Encode String to Base36

Patrick Vogt picture Patrick Vogt · Jan 13, 2017 · Viewed 13.8k times · Source

Currently I am working at an algorithm to encode a normal string with each possible character to a Base36 string.

I have tried the following but it doesn't work.

public static String encode(String str) {
    return new BigInteger(str, 16).toString(36);
}

I guess it's because the string is not just a hex string. If I use the string "Hello22334!" In Base36, then I get a NumberFormatException.

My approach would be to convert each character to a number. Convert the numbers to the hexadecimal representation, and then convert the hexstring to Base36.
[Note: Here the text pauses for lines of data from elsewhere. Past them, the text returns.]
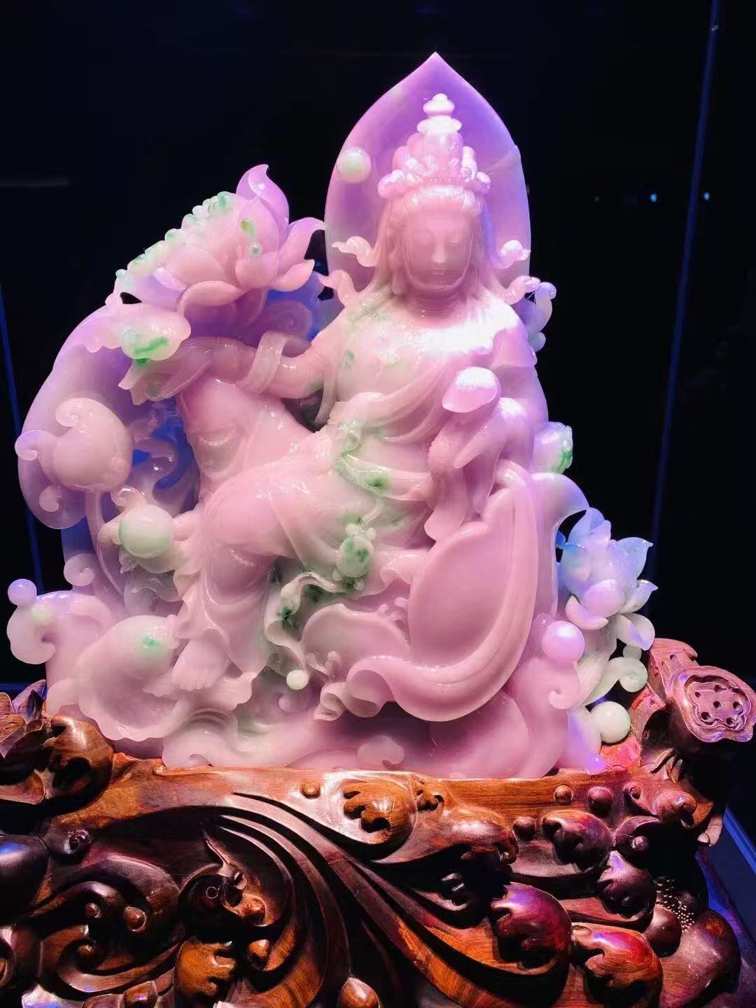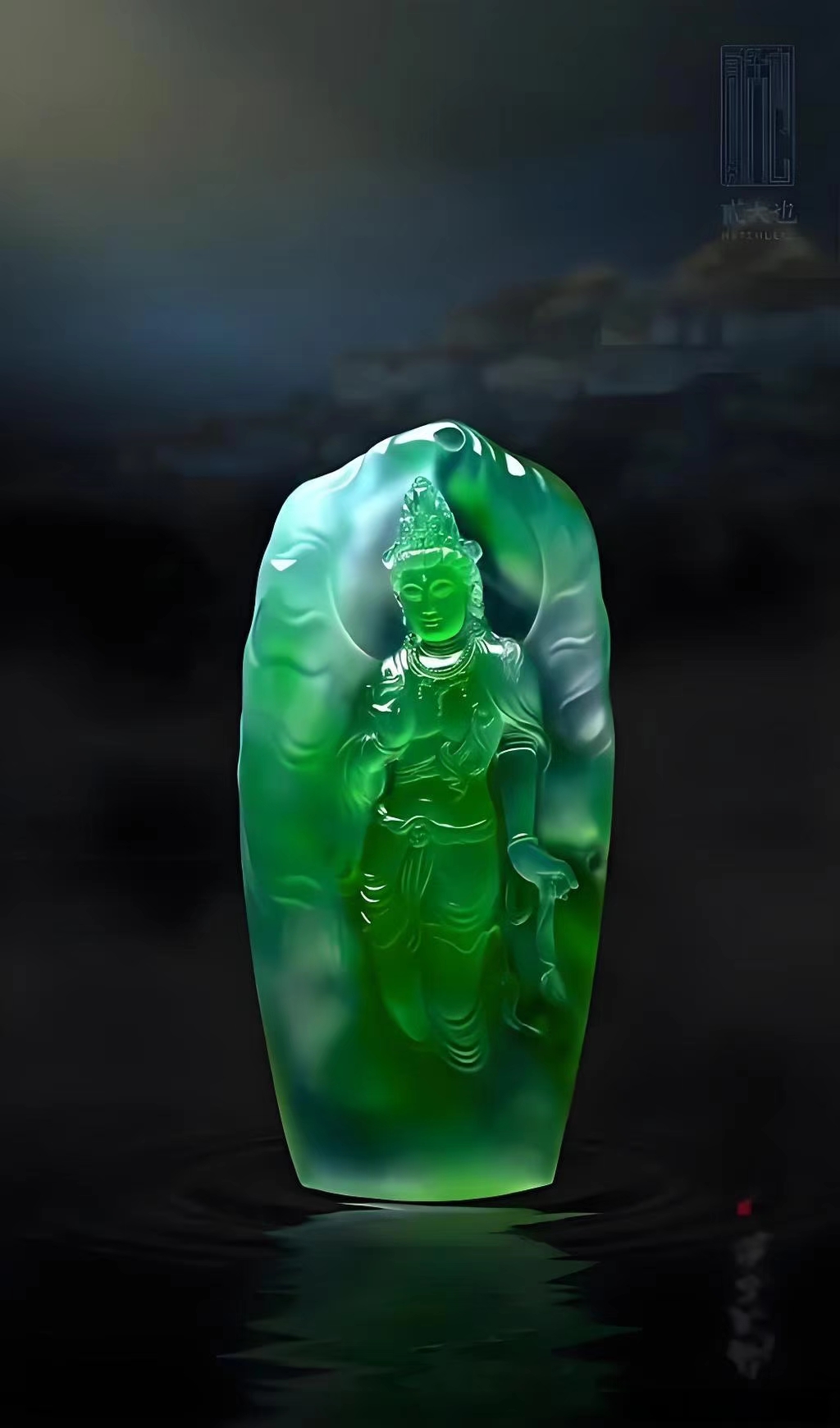 释家文化的空灵与慈悲,则在他的佛造像作品中得到极致表达。《水月观音》以翡翠为材,利用玉石天然的绿白渐变,雕刻出观音半跏趺坐于莲台的姿态,衣袂如流水般飘逸,眉宇间带着悲悯众生的温柔。最精妙之处在于观音手中的净瓶,瓶中"甘露"以镂空技法呈现,光影流转间,仿佛真有清泉滴落,暗含"佛法无边,润物无声"的深意。
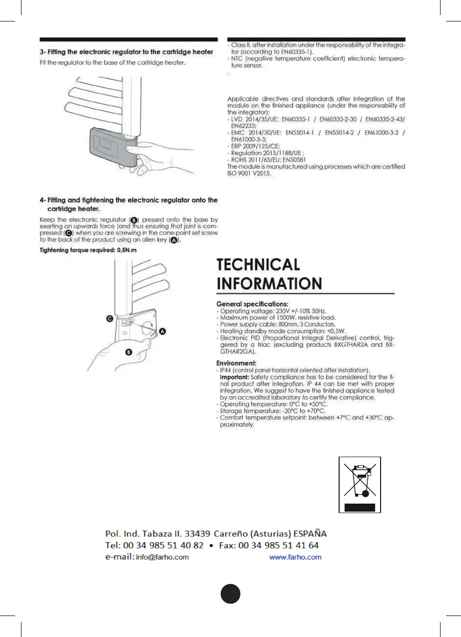 The crossed-out bin symbol appears on all FARHO products to remind the consumer of the obligation to separate them
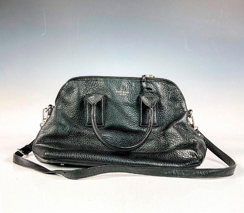 Black pebble exterior with double pull, top zippered closure, stitched handles and striped interior fabric. Interior pockets, zipper and slip. Should strap included. Kate Spade imprint on front and interior pocket. Cloth storage bag included.
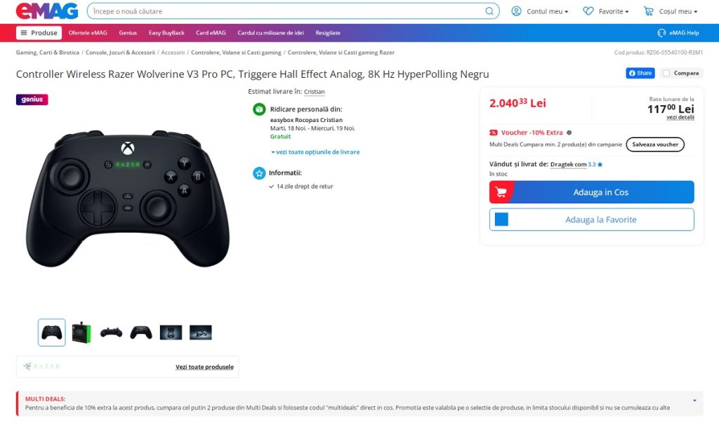În mod ciudat, produsul apare și în oferta eMAG.ro, însă la un preț mult mai mare. Acolo controllerul nostru are un preț de vânzare de peste 2000 lei. Am lăsat o captură de ecran, informația pare aici mai puțin credibilă.
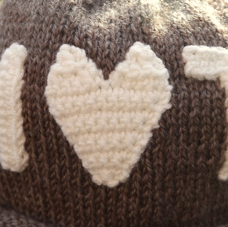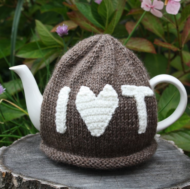 Hand knitted brown tea cosy with "I Love T" crocheted in cream wool and appliqued on. Made with Sirdar Wool Rich Aran which will keep the teapot nice and warm. Will fit a standard 4 - 6 cup teapot.

Is my approach okay or is there a simpler or better way?

Answer

Christoffer Hammarström picture Christoffer Hammarström · Jan 13, 2017

First you need to convert your string to a number, represented by a set of bytes. Which is what you use an encoding for. I highly recommend UTF-8.

Then you need to convert that number, set of bytes to a string, in base 36.

byte[] bytes = string.getBytes(StandardCharsets.UTF_8); 
String base36 = new BigInteger(1, bytes).toString(36);

To decode:

byte[] bytes = new Biginteger(base36, 36).toByteArray();
// Thanks to @Alok for pointing out the need to remove leading zeroes.
int zeroPrefixLength = zeroPrefixLength(bytes);
String string = new String(bytes, zeroPrefixLength, bytes.length-zeroPrefixLength, StandardCharsets.UTF_8));

private int zeroPrefixLength(final byte[] bytes) {
    for (int i = 0; i < bytes.length; i++) {
        if (bytes[i] != 0) {
            return i;
        }
    }
    return bytes.length;
}